Cantero and many other Hawaii residents just want a lower electric bill, but inadvertently, they have unearthed the archaic nature of this 100-year-old model for electricity supply. Their bid to lower their bill with rooftop-generated solar electricity shows that the centralized, top-down energy system of the 20th century no longer makes sense. In fact, it poses a very important question:
In an age when power can be generated on rooftops, managed in real-time by smart thermostats and controlled remotely by smartphones, do we need a traditional, top-down electric utility?
Probably not.
But there’s a raging debate about what rises in its place, in Hawaii and other frontline states in the fight for energy democracy. Some are going off the grid. Oahu resident David Greene has solar on the roof, a battery in his garage, and just told the utility to come take the electric meter. Parker Ranch on Hawaii island is looking at building its own independent "microgrid," anticipating that it can beat the utility’s rates.

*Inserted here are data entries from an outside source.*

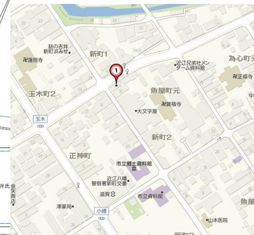
物販店、飲食店に最適です・・・!
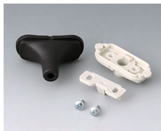
B2911319 Cable gland kit, 4.2 - 5.0 TPE black RAL 9005
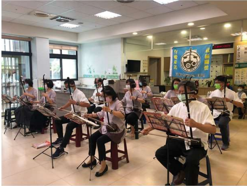
協會國樂及舞蹈社團員愛心活動
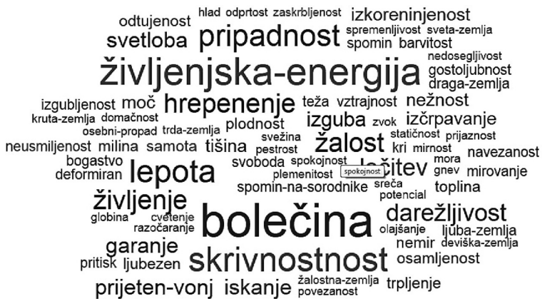
Slika 2: Deskriptorsko polje 5 kodiranih pokrajinskih prvin.
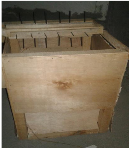
Gambar 7. Alat Perontok Padi
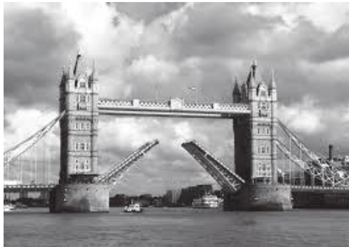
ठूला जहाज आवतजावत गर्दा यसरी पुल उचालिंदो रहेछ
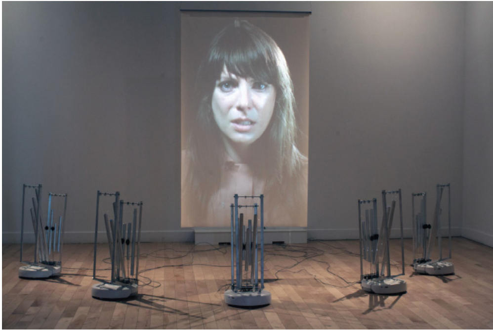
Erin Gee, Swarming Emotional Pianos , 2015. Installation view.
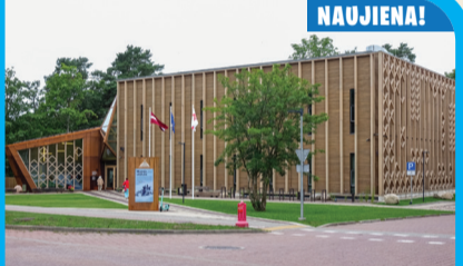
16 PIEJŪRIO GĀMTOŠ MUZIEJUS Rinka iela 2, Ventspils
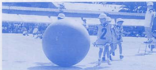
ありさん どこ行くの？
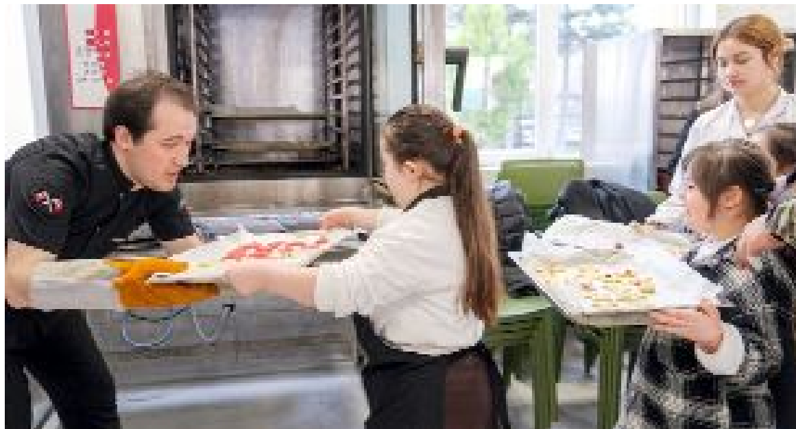
İletişim Ofisi ile Engelsiz Üniversite Koordinatörlüğü iş birliğince gerçekleştirilen "+1 Farkla Kurabiye Atölyesi" etkinliğinde özel öğrenciler eğlenceli vakit geçirdi.(AA)

atölyede; birlikte üretmenin ve paylaşmanın mutluluğu yaşandı.
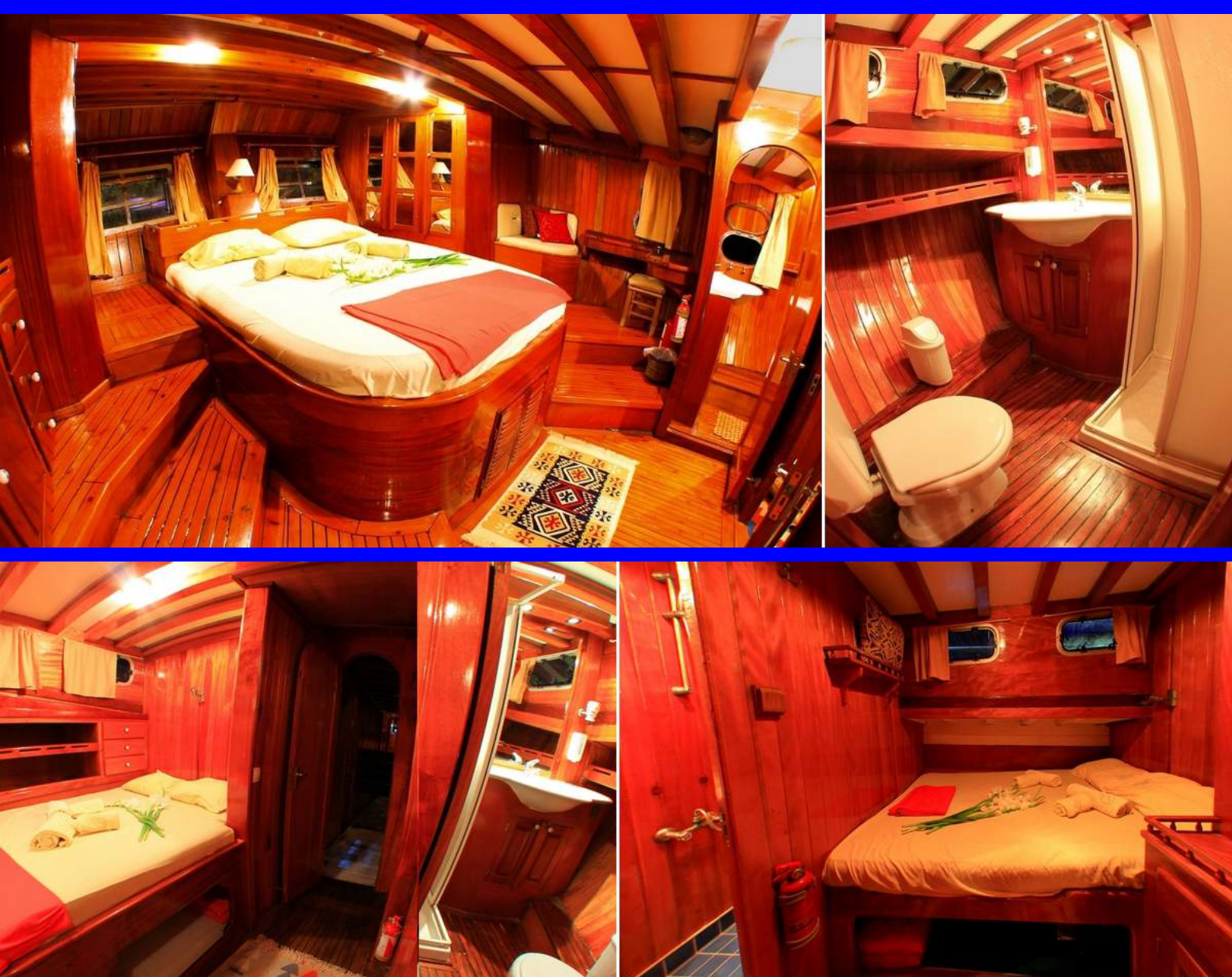
Toutes les autres cabines SUP disposent d'un lit de 160 cm de large et d'une cabine-douche, sauf la cabine A.
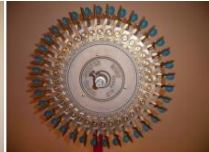
Roue 36 pinces

Utilities offer another option: Mash the square peg of solar and smart grids into the round hole of the 20th-century monopoly model. HECO has suggested halving the compensation for customers that produce solar energy from their rooftops. In more than 20 states, monopoly utilities are using their power and profits to push utility commissions and legislatures into protecting their publicly provided fiefdoms. It’s the ultimate delaying tactic, propping up a dying system in the pursuit of short-term profits.

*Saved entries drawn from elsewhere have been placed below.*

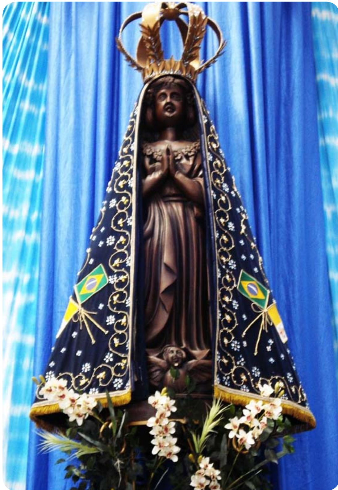
Imagem de Nossa Senhora da Conceição Aparecida, Padroeira do Brasil
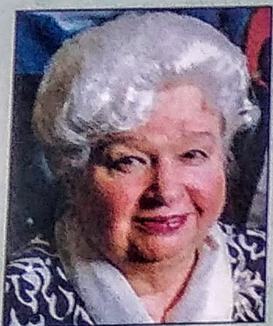
ГРЯЗНОВА Алла Георгиевна , ректор Финансовой академии при Правительстве Российской Федерации
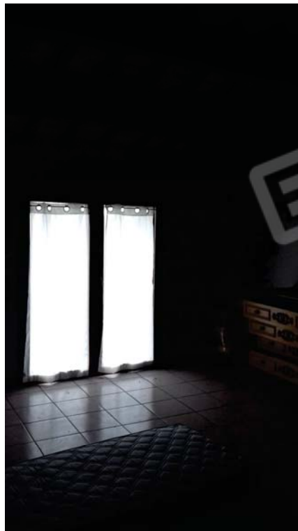
FOTO 12 STANZA DA LETTO UNITA' CON ACCESSO SUL RETRO
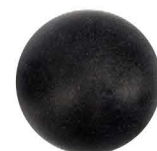
Probador de Cabeza Femoral 36mm
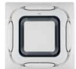
Panel decorativo diseño integrado
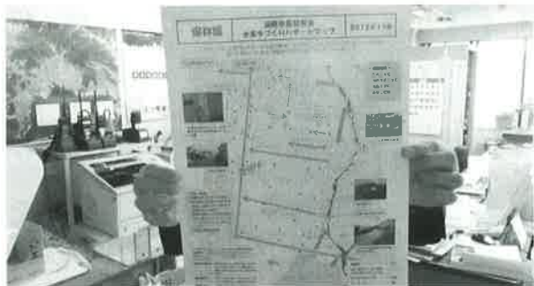
地域住民の手で作られた防災マップ

問 地域住民による防災マップづくりは防災意識の啓発にもなり、重要な防災対策と考えるがどうか。
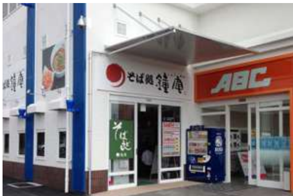
浜松森田町ABC店 住所:浜松市中区森田町字綱手西304-31
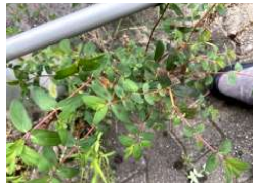
オオニシキソウ 230827
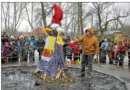
Gatschina feiert mit brennender Stroh puppe Ende des Winters

Traditionell werden in dieser Zeit besonders viele Blinis, russische Pfannkuchen, gegessen. Sie sind als fleischlose Kost zur Einstimmung auf das rund anderthalb Monate lange Fasten bis zum Osterfest gedacht. Dieses Jahr feiert die russisch-orthodoxe Kirche Ostern am 2. Mai, da sie dem alten julianischen Kalender folgt.

The more likely long-term solution is transforming the energy system to capture the enormous local opportunity. If renewable energy resources are available everywhere, can be built at large or small scale, then they should be tapped in every community for its economic benefit. Some call this new paradigm "energy democracy." Energy democracy means distributing power generation over rooftops and windy fields and distributing the power of grid management to the masses. Consulting firm Accenture has highlighted the opportunity: Utility customers stand to recoup $48 billion from their electric utilities over the next decade.

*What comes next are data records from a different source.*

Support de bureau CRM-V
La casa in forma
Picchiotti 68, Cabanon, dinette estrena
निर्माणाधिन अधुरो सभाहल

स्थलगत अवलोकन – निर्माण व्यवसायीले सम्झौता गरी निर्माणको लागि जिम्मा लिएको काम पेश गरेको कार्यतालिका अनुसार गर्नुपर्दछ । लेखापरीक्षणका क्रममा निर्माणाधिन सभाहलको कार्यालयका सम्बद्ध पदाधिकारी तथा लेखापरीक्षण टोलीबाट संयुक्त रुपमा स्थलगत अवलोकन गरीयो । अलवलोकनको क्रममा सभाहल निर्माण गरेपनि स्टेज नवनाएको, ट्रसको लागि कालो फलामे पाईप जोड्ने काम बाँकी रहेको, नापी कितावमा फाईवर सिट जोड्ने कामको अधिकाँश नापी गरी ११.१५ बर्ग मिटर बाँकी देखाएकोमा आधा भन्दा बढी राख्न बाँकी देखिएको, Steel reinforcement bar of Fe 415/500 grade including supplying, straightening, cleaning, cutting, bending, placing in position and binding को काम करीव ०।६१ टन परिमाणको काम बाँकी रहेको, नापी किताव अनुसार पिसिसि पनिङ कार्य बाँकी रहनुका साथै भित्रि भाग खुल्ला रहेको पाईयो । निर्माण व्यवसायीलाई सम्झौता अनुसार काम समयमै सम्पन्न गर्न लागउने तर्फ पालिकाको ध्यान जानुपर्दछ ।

Energy democracy wouldn’t eliminate utilities, but it would shift them to a facilitating role commensurate with the reduced need for centralized planning. Already, smartphones and smart appliances allow Americans to schedule their dishwasher to run at midnight, their electric car to charge at 2 a.m., and their air conditioner to start up when they’re 2 miles from home. If we can use eBay to set prices for used goods, why not electricBay for megawatts of power? Smart devices could make the process simple, and the distributed control of the grid would unleash decades of pent-up innovations in energy management and energy supply that utilities have been reluctant to embrace.
Utilities can’t get us to energy democracy. It will take leadership from electric customers, via their legislatures or public utility commissions. And it’s already happening. In New York, a regulatory process called Reforming the Energy Vision just suggested that electric companies be barred from owning rooftop solar and other small-scale power generation, to keep them from competing with their customers. And here in Hawaii, regulators have said that quashing customer solar is not an option.
Solar customers like Cantero may have been conscripted into the fight for energy democracy, but she and others already sense the economic opportunity of victory, and that the status quo is not an option.